When Your Mortgage Meets Your Credit Card History

When Your Mortgage Meets Your Credit Card History


For some homebuyers, credit card history is a golden brick road to a low-rate mortgage. For others, a credit card history is a minefield that threatens the survival of any sort of mortgage. And for others still, credit card history is a path yet to be blazed, destination uncertain.

If you fall into the second or third category, you might be feeling apprehensive about applying for a mortgage. Understanding the relationship between credit card history and mortgages can help you make the right moves to get a low-rate mortgage, despite your credit card history.

What happens if you have a negative credit card balance?

If you have outstanding credit card debt at the time that you apply for a mortgage, you will need to prove that you have the assets to pay off the debt.
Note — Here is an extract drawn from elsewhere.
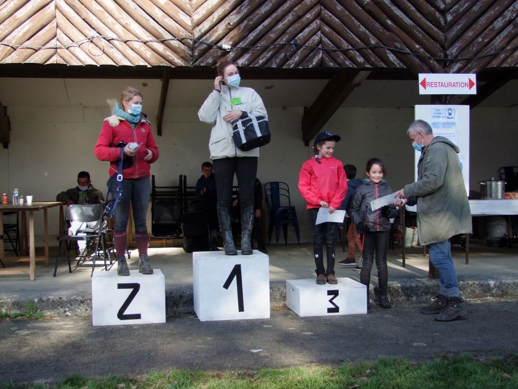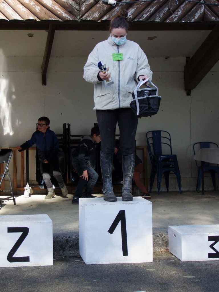 Sans plus tarder, voici les résultats : sur 31 engagés, Violette avec Charifa 1ère, récup à 39, 3ème: Mila avec Prune récup à 40, 4ème: Jade et Sissi récup à 43, 5ème: Alicia et Bimbala récup à 43, 6ème: Alizéa et Tornado récup à 43, 7ème: Lou et Katia récup à 44, 16ème: Julie et Fifty récup à 52, 25ème Christelle et Pif récup à 62, et à mon grand regret: Madame revient boîteuse malgré une belle course avec Aude.

Otherwise, you can expect to be dealt a high interest rate on your mortgage.

If you have had outstanding credit card debt for most of your adult life, you might face an even stiffer penalty. You might not be able to get a mortgage at all.
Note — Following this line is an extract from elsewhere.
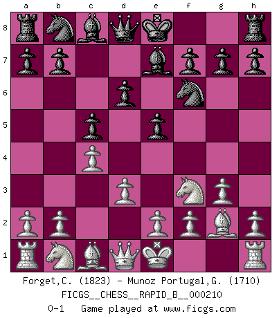 Last move : 0-1 2013 September 18 2:24:29 [Event "FICGS__CHESS__RAPID_B__000210"] [Site "FICGS"] [Date "2013.08.04"] [Round "1"] [White "Forget,Cyril"] [Black "Munoz Portugal,Guillermo"] [Result "0-1"] [WhiteElo "1823"] [BlackElo "1710"] 1.Nf3 Nf6 2.c4 c5 3.g3 d6 4.Bg2 e5 5.d3 Be7 0-1 This chess game has been lost on time (started : 2013.08.04 11:48:44) Reti Opening Player Black won this chess game. Follow this game move after move (download)A man that will take back a move at Chess will pick a pocket. (Richard Fenton) Als ich elf wurde, wurde ich einfach gut. (Robert James Fischer) El Ajedrez, como la música, como el amor, tiene el poder de hacer feliz a la gente. (Siegbert Tarrasch) Les échecs sont un jeu terrible. Si vous n'avez pas le centre, votre adversaire a une position plus libre. Par contre, si vous avez le centre, alors vous avez vraiment quelque chose pour laquelle vous inquiéter ! (Siegbert Tarrasch) Without enthusiasm, virtue functions not at all, and vice only poorly. (Mignon McLaughlin, The Neurotic's Notebook, 1960)

Your credit score, used by loan officers as a determinant of your mortgage rate, reflects your entire credit history. If you usually pay off credit card debt in a timely manner, your credit score should be okay, even if you have some debt at the moment. However, if you have defaulted on one or more credit cards in the past, your credit score will show damage.
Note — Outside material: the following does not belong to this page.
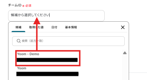 チームID、チャネルIDはボックスの候補から選択できます。
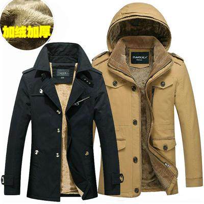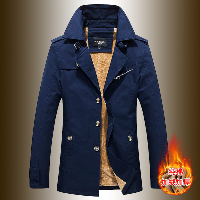 秋冬季男士中长款加绒加厚保暖纯棉衣服冬装韩版修身休闲风衣外套

How should you deal with negative credit card balances?

If you don’t need a mortgage immediately, you can save yourself money by waiting until you’ve paid off your debt to get a mortgage.

Start by consolidating your debt. Shift balances from multiple, high-interest credit cards to one low-interest card. Each high-interest credit card will charge you a transfer fee (usually around 3% to 5% of the balance) when you move your balance to a new card, but because the interest rate is lower on the new card, you’ll have an easier time paying off debt.

After you’ve consolidated your debt, create a budget to control your spending. Purchase only needs, not wants. Before long, you should begin to discover that you have a little money leftover at the end of each month. Use that money to pay down your debt and, whenever possible, pay more than your minimum payment.

What happens if you have never had a credit card?

Lack of credit does not equal financial irresponsibility. Lenders know this. That’s why a number of options have been designed to assist people without a credit history in getting a mortgage.

Government-backed mortgages (FHA loans) are designed for low-income, first-time homebuyers. Instead of being based on a credit report, your mortgage will be based on evidence that you have been reliable in paying rent, utilities, or other recurrent bills. The paperwork involved with FHA loans is dense, and you may have to put down a larger than usual down payment.

Alternatively, you could ask a friend or family member with good credit to co-sign on your loan. Before you choose to have someone co-sign for you, make sure you both have a thorough understanding of the effect the loan will have on your credit reports.

How should you establish new credit?

If neither FHA loans nor co-signers suit your fancy, you will need to spend some time establishing good credit on your own.

Get a credit card and use it the same way you have been using your debit card. Pay only for things you can afford, and keep track of the balance as you make purchases to be sure you aren’t overspending. Pay off your credit card balance each month, and you’ve got yourself some good credit!